Background technology
As the power supply that electric railway is unique, tractive power supply system, while meeting to electric locomotive reliable power supply, also should pursue high-quality and Effec-tive Function, and this just has higher requirement to traction power supply scheme minute design.Traditional conceptual design too relies on designer's professional experiences, and the determination of main power supply facilities quantity and position is subject to subjective factor impact, and the choosing of the ratio of limited scheme, also lack global optimizing ability, be difficult to the optimum ensureing design capacity.Recent year Railway Design department has successively introduced internationally recognized tractive power supply system design software, the such as OpenPowerNet of ELBAS/WEBANET and the IFB company of German SIGNON company, utilize traction load process simulation means, trend distribution in dynamic calculation system, the probabilistic method extensively adopted before computational accuracy and efficiency are all better than.But above-mentioned business software core algorithm only can carry out computation and analysis to given design proposal, do not possess scheme automatic optimal ability equally.

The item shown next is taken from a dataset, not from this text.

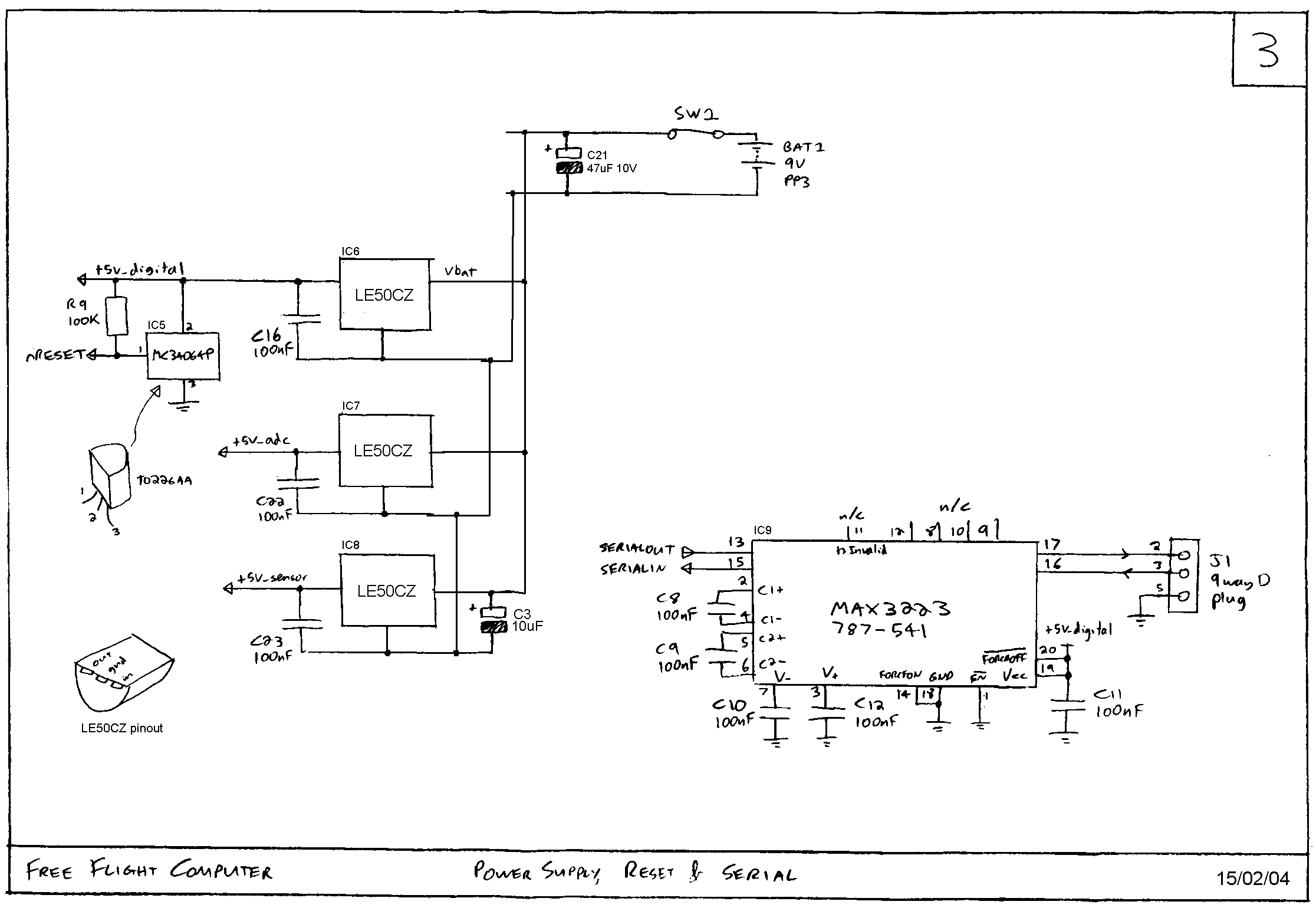 Sheet 2 of 3 Sheet 3 of 3 Originally (four years ago!) drawn on paper I then scanned them in as 256 colour greyscale and decreased colour depth to 16 colours. I then manually reduced the colour depth to just black and white by setting the palette myself. Since then I have cut, paste, redrawn and added text using Paintshop Pro as the circuit has evolved.

The key problem of tractive power supply system design determines the number of power supply facilities, position and traction transformer capacity, can by building single goal or multi-objective optimization mathematical model, introduce intelligent optimization algorithm, take full advantage of the computation and analysis ability that computing machine is powerful, result is constantly carried out automatically along improving countermeasure, finally converge on optimal case, the scope of its com-parison and analysis be also manually select excellent incomparable.
Summary of the invention
Object of the present invention is just to provide a kind of electric railway traction power supply plan Optimization Design, the method can determine number, the design parameter such as position and transformer capacity of traction power supply facility automatically, efficiently and accurately, reduce the deficiency of subjective judgement in engineer, overcome the limitation of limited scheme than choosing, improve the level that becomes more meticulous of traction power supply design.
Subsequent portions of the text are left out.